Aim of the task >> Only the pictures are to be dropped, and the rest of the data should be copied exactly.

The data >>

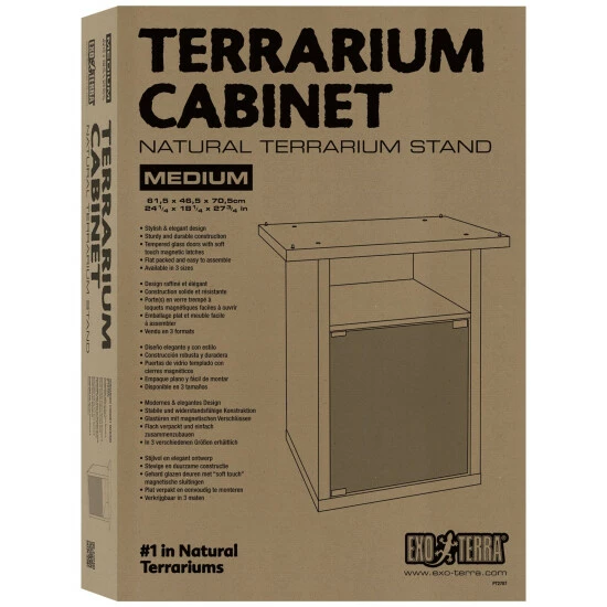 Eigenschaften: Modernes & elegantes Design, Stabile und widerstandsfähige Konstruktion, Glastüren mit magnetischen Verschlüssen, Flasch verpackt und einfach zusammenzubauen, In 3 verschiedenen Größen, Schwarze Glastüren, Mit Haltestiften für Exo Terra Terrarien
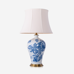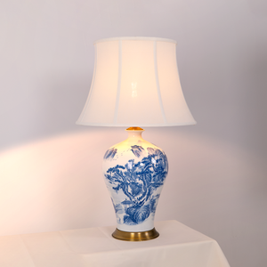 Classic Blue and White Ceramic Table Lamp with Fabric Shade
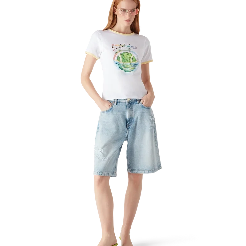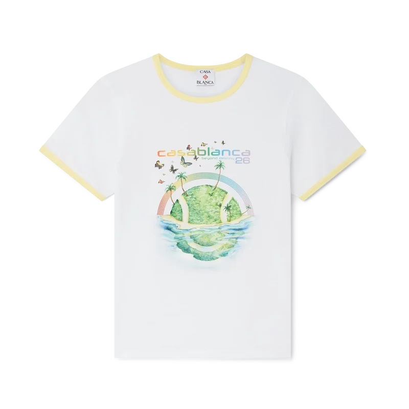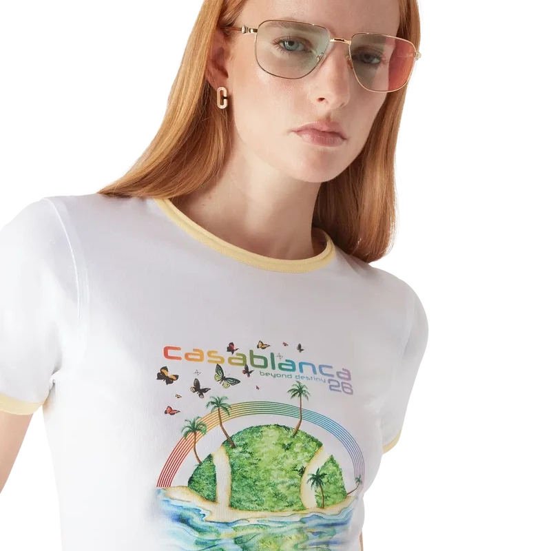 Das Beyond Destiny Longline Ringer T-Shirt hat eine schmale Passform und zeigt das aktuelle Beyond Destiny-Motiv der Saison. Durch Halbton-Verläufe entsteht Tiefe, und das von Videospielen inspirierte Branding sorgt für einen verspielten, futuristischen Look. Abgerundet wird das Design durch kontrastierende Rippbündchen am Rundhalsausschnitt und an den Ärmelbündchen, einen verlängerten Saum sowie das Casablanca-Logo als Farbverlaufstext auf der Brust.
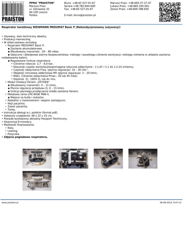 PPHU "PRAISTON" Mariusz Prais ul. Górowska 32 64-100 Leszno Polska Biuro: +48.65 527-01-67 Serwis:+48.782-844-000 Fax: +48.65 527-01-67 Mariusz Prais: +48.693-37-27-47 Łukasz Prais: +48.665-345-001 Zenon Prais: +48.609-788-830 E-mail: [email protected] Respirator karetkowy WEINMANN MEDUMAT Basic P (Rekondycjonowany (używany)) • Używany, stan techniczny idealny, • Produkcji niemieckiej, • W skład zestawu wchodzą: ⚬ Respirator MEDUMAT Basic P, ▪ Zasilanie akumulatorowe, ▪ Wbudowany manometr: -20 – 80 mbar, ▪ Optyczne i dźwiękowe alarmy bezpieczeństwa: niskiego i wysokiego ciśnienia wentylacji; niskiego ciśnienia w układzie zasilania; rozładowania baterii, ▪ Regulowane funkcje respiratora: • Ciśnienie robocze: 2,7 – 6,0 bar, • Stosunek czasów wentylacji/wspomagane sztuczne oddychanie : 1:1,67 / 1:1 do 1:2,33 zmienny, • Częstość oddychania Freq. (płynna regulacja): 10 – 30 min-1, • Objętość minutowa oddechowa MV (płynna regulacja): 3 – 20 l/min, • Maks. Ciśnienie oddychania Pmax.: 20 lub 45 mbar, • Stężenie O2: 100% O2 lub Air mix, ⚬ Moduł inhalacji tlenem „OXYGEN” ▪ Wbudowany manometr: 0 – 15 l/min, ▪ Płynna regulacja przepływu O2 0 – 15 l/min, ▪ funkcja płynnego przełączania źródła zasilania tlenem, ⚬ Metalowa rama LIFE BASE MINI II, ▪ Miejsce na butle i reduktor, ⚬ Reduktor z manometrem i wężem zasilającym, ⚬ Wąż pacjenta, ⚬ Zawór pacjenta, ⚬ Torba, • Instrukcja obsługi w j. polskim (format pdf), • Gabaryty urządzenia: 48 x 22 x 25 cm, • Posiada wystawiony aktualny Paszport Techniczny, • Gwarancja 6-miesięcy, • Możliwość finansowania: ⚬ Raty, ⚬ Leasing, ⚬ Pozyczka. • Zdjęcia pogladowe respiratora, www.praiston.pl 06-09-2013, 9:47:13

Expected answer >>
 Eigenschaften: Modernes & elegantes Design, Stabile und widerstandsfähige Konstruktion, Glastüren mit magnetischen Verschlüssen, Flasch verpackt und einfach zusammenzubauen, In 3 verschiedenen Größen, Schwarze Glastüren, Mit Haltestiften für Exo Terra Terrarien
 Classic Blue and White Ceramic Table Lamp with Fabric Shade
 Das Beyond Destiny Longline Ringer T-Shirt hat eine schmale Passform und zeigt das aktuelle Beyond Destiny-Motiv der Saison. Durch Halbton-Verläufe entsteht Tiefe, und das von Videospielen inspirierte Branding sorgt für einen verspielten, futuristischen Look. Abgerundet wird das Design durch kontrastierende Rippbündchen am Rundhalsausschnitt und an den Ärmelbündchen, einen verlängerten Saum sowie das Casablanca-Logo als Farbverlaufstext auf der Brust.
 PPHU "PRAISTON" Mariusz Prais ul. Górowska 32 64-100 Leszno Polska Biuro: +48.65 527-01-67 Serwis:+48.782-844-000 Fax: +48.65 527-01-67 Mariusz Prais: +48.693-37-27-47 Łukasz Prais: +48.665-345-001 Zenon Prais: +48.609-788-830 E-mail: [email protected] Respirator karetkowy WEINMANN MEDUMAT Basic P (Rekondycjonowany (używany)) • Używany, stan techniczny idealny, • Produkcji niemieckiej, • W skład zestawu wchodzą: ⚬ Respirator MEDUMAT Basic P, ▪ Zasilanie akumulatorowe, ▪ Wbudowany manometr: -20 – 80 mbar, ▪ Optyczne i dźwiękowe alarmy bezpieczeństwa: niskiego i wysokiego ciśnienia wentylacji; niskiego ciśnienia w układzie zasilania; rozładowania baterii, ▪ Regulowane funkcje respiratora: • Ciśnienie robocze: 2,7 – 6,0 bar, • Stosunek czasów wentylacji/wspomagane sztuczne oddychanie : 1:1,67 / 1:1 do 1:2,33 zmienny, • Częstość oddychania Freq. (płynna regulacja): 10 – 30 min-1, • Objętość minutowa oddechowa MV (płynna regulacja): 3 – 20 l/min, • Maks. Ciśnienie oddychania Pmax.: 20 lub 45 mbar, • Stężenie O2: 100% O2 lub Air mix, ⚬ Moduł inhalacji tlenem „OXYGEN” ▪ Wbudowany manometr: 0 – 15 l/min, ▪ Płynna regulacja przepływu O2 0 – 15 l/min, ▪ funkcja płynnego przełączania źródła zasilania tlenem, ⚬ Metalowa rama LIFE BASE MINI II, ▪ Miejsce na butle i reduktor, ⚬ Reduktor z manometrem i wężem zasilającym, ⚬ Wąż pacjenta, ⚬ Zawór pacjenta, ⚬ Torba, • Instrukcja obsługi w j. polskim (format pdf), • Gabaryty urządzenia: 48 x 22 x 25 cm, • Posiada wystawiony aktualny Paszport Techniczny, • Gwarancja 6-miesięcy, • Możliwość finansowania: ⚬ Raty, ⚬ Leasing, ⚬ Pozyczka. • Zdjęcia pogladowe respiratora, www.praiston.pl 06-09-2013, 9:47:13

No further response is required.